Stems/twigs: Young branches are green, herbaceous, and finely hairy; mature woody stems are reddish brown to reddish-purple, smooth (glabrous), vertically ridged, and have a solid pith; buds are opposite and scaly; leaf scars are small and have one bundle trace scar.

Leaves: Opposite, with 3 stalked leaflets (trifoliolate), palmately-veined; the long twining petioles are 5—9 cm long. Young leaves are often deep reddish-green and densely hairy, but at maturity become bright to dark green and glabrous above, lower surfaces are paler and slightly hairy. Leaflet blades are lanceolate to ovate, usually palmately lobed, and 3.5—9 cm long by 1.5—7.5 cm wide. Leaflet bases are rounded to slightly cordate, the apex tapers gradually to a sharply pointed (acuminate) tip, margins are entire near the base and coarsely toothed along the lobes.

Flowers: Unisexual, with male and female flowers usually on different vines (dioecious). The many showy white flowers are arranged in branched inflorescences (cymes), arising from the leaf axils. Flowers have 4 spreading white to creamy-white sepals, elliptic to oblanceolate, 6—10 mm long, and finely hair on the outer surface; petals are absent. Each flower of the inflorescence is stalked; the pedicels 1—2 cm long. Male flowers have numerous stamens on long filaments; female flowers have many pistils surrounded by a row of sterile stamens; the pistil has a superior ovary and a long style that becomes feathery and persistent in fruit. Flowers bloom from mid July to late August.

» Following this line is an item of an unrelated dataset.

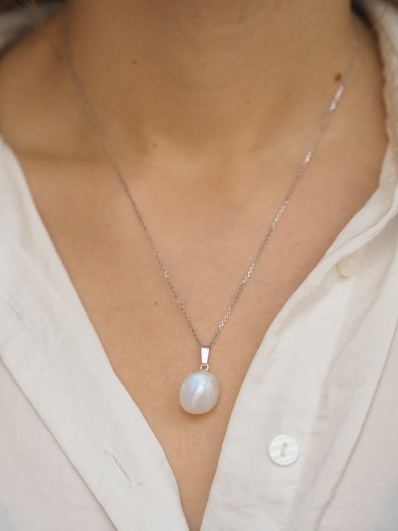 Stříbrný přívěsek s tromlovaným Měsíčním kamenem. Měsíční kámen je především kamenem žen, jejich ochráncem a léčitelem. Je ctěn jako symbol lásky, citu a vnitřní harmonie. Povzbuzuje jemnost a něžnost. Vnáší do života klid, porozumění, přizpůsobivost, jemnou pohyblivost, snahu po rozumných řešení. Zbystřuje intuici a usnadňuje komunikaci.

Fruit: In large rounded fluffy clusters of dry brown fruit (achenes), each terminating in a long feathery plume (persistent style), 2.5—4 cm long. Achene bodies are ovate, slightly hairy, and 2.5—3.5 mm long. Fruits mature in autumn and often persist into winter.

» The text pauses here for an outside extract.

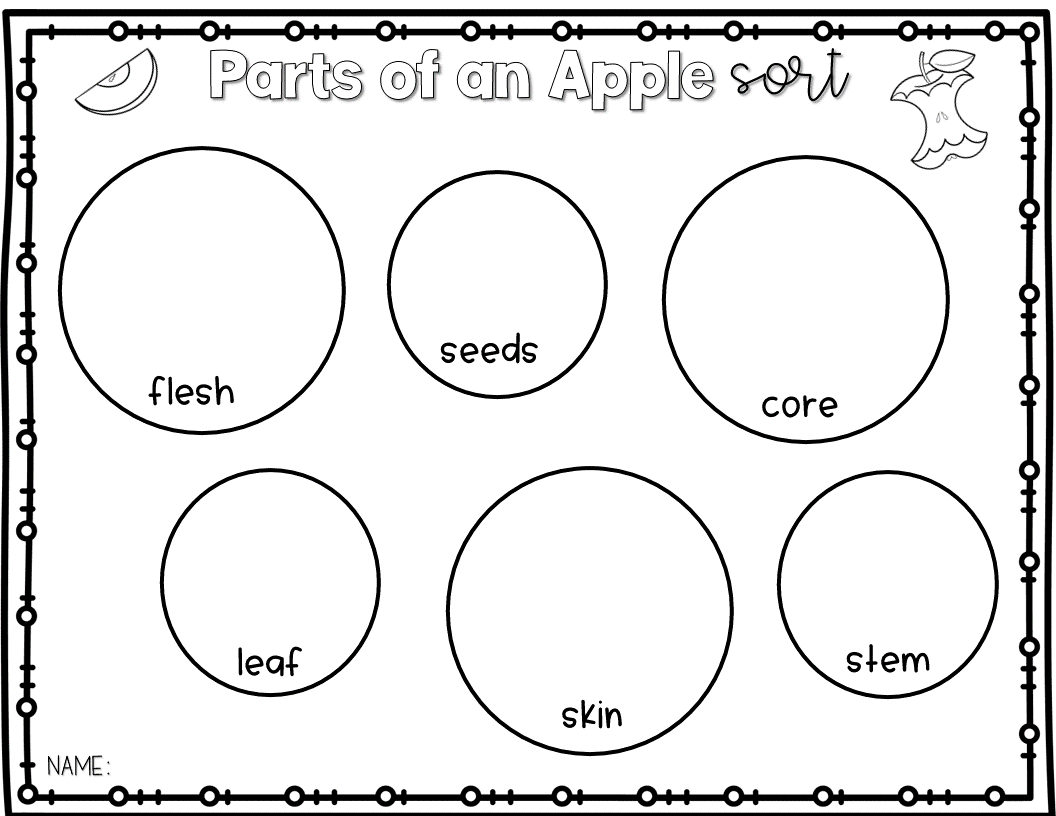 Cut apart an apple and sort the parts. Students can sort the apples on their paper or do together and draw the parts on the paper.

Habitat and Range: In thickets, clearings, and along forest edges, often climbing over shrubs or into the branches of trees. Virgin's bower is a temperate eastern North American species that occurs throughout the Algoma District, extending N to about 48° 30'N, as well as throughout southern and eastern Ontario; in northwestern Ontario, it occurs only around the Thunder Bay area (Soper & Heimburger 1985).

Similar Species: Purple clematis (Clematis occidentalis) is also native in northern Ontario; it can be recognized by its solitary nodding flowers, which have purple, pink, or bluish sepals, 3—5.5 cm long, and bloom in late spring (April-May). Purple clematis has a wider range in Ontario, extending westward nearly to the Manitoba border and north to about 51°N along the Moose River (Soper & Heimburger 1985).